Flow-matching-based policies have recently emerged as a promising approach for learning-based robot manipulation, offering significant acceleration in action sampling compared to diffusion-based policies. However, conventional flow-matching methods struggle with multi-modality, often collapsing to averaged or ambiguous behaviors in complex manipulation tasks. To address this, we propose the Variational Flow-Matching Policy (VFP), which introduces a variational latent prior for mode-aware action generation and effectively captures both task-level and trajectory-level multi-modality. VFP further incorporates Kantorovich Optimal Transport (K-OT) for distribution-level alignment and utilizes a Mixture-of-Experts (MoE) decoder for mode specialization and efficient inference. We comprehensively evaluate VFP on 41 simulated tasks and 3 real-robot tasks, demonstrating its effectiveness and sampling efficiency in both simulated and real-world settings. Results show that VFP achieves a 49% relative improvement in task success rate over standard flow-based baselines in simulation, and further outperforms them on real-robot tasks, while still maintaining fast inference and a compact model size.

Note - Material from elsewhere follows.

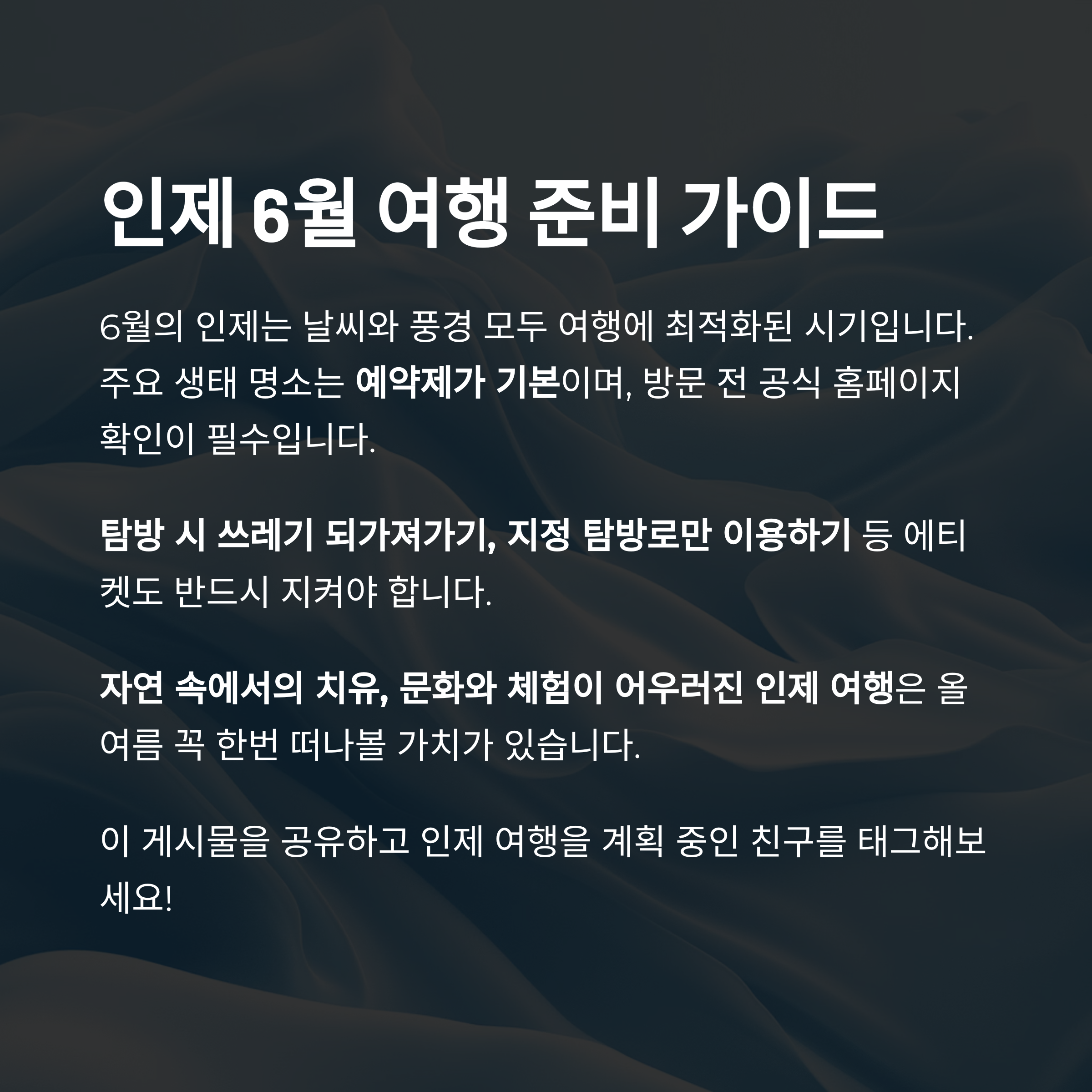 6월의 인제는 날씨와 풍경 모두 여행에 최적화된 시기입니다.

Overview of Variational Flow Policy (VFP).
(A) Model Pipeline: The model consists of a latent-conditioned Mixture-of-Experts (MoE) flow matching network. A prior network generates latent variables from input states, which guide the MoE decoder to predict actions efficiently. During training, a posterior encoder is used for variational learning.
(B) Latent-Instructed Mode Identification: Visualization of how VFP enables mode-specific behavior. Compared to the collapsed predictions of vanilla flow matching, our model captures distinct modes conditioned on latent variables.

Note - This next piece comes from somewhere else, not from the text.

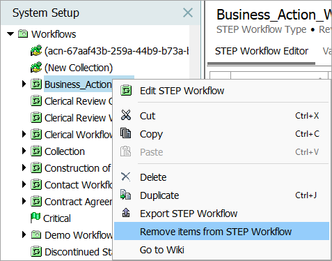 Navigate to System Setup, right-click on the workflow that needs all items removed, and select Remove items from STEP Workflow.

(C) Latent Shaping and Mode Decoupling via OT: Optimal Transport regularization improves mode separation in the latent space, aligning latent modes with distinct action modes.
Variational Flow Policy outperforms prior state-of-the-art flow-based model on 41 tasks from 4 benchmarks with an average improvement of 49%.
Franka Kitchen¹
Avoiding²
Pen³
Assembly⁴
These are tasks from standard simulation benchmarks used in our work.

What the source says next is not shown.